Program the machine to knead for 10 minutes. Add the salt and set the machine to go through the knead cycle, which will include 3 minutes of mixing and 7 minutes of kneading.

Let the dough rest for 20 minutes. Add the raisins and walnuts and reset the machine to mix for 3 minutes.

Stand Mixer Method Into the bowl of a stand mixer fitted with the dough hook, pour the water. Use sharp scissors, dipped in water if it is sticky, to cut the biga into many small pieces, letting them drop into the water. Add the flour and yeast, and mix on low speed for about 1 minute, or until the flour is moistened enough to form a rough dough. Scrape down any bits of dough from the sides of the bowl. Sprinkle on the salt and knead the dough on medium speed for about 7 minutes. The dough should be very elastic and smooth, and sticky enough to cling to your fingers. Cover the top of the bowl with plastic wrap and let the dough rest for 20 minutes. Add the raisins and walnuts and knead on low speed for about 1 minute, or until evenly incorporated.

Let the Dough Rise Twice

Using a spatula or dough scraper that has been lightly coated with nonstick cooking spray, scrape the dough into a 2 quart/2 liter dough rising container or bowl that has been lightly coated with nonstick cooking spray. Push down the dough and lightly coat the surface with nonstick cooking spray. (The dough should weigh about 18 ounces/510 grams.) Cover the container with a lid or plastic wrap. With a piece of tape, mark the side of the container at approximately where double the height of the dough should be after rising. Let the dough rise in a warm place (ideally at 75° to 85°F/24° to 29°C) until it reaches the mark, 1 to 1½ hours. (See recommended rising environments.)

Using a spatula or dough scraper that has been lightly coated with nonstick cooking spray, turn the dough onto a lightly floured counter and gently press down on the dough to form a rectangle. Give it a four-sided stretch and fold (gently stretch out one side at a time and fold it into the center). Round the corners and set it back into the container.

Again, lightly coat the surface of the dough with nonstick cooking spray, cover with plastic wrap, and mark where double the height should now be after rising. (The dough will fill the container fuller than before because it is puffier with air.) Let it rise until it reaches the mark, about 45 minutes to 1 hour. If time allows, for extra flavor, give the bread the second rise overnight in the refrigerator instead.

Turn the dough onto a lightly floured counter and press the dough down to flatten it slightly. The dough will still be sticky, but use only as much flour as absolutely necessary.
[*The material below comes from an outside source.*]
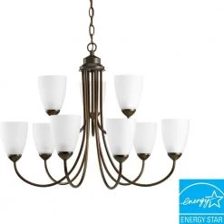 Gather Collection 9-Light Antique Bronze Chandelier with Etched Glass by Progress Lighting

Cover the dough and let it rest for 20 minutes before shaping (1 hour if it has been refrigerated).

Shape the Dough and Let It Rise

Gently flatten the dough into a 7 by 5 inch rectangle, with the longer side facing you. Fold down the two upper corners about 3 inches to form a triangle and press down the dough. Set the apricots in a staggered row lengthwise across the dough, under the triangle. Starting from the top, roll the dough to encase the apricots. When you reach the bottom edge of the dough, pinch it firmly against the outside of the dough to make a tight seam. The torpedo-shaped dough should be about 10 by 3 by 2 inches high. Set it on the prepared baking sheet.

Cover the dough loosely with plastic wrap that has been lightly coated with cooking spray. Let the dough rise in a warm place (ideally at 75° to 85°F/24° to 29°C) for about 45 minutes to 1 hour, until about 11 by 3½ by 2⅛ inches high, and when pressed gently with a fingertip, the depression fills in very slowly.

Store

Room temperature, 2 days; airtight: frozen, 3 months.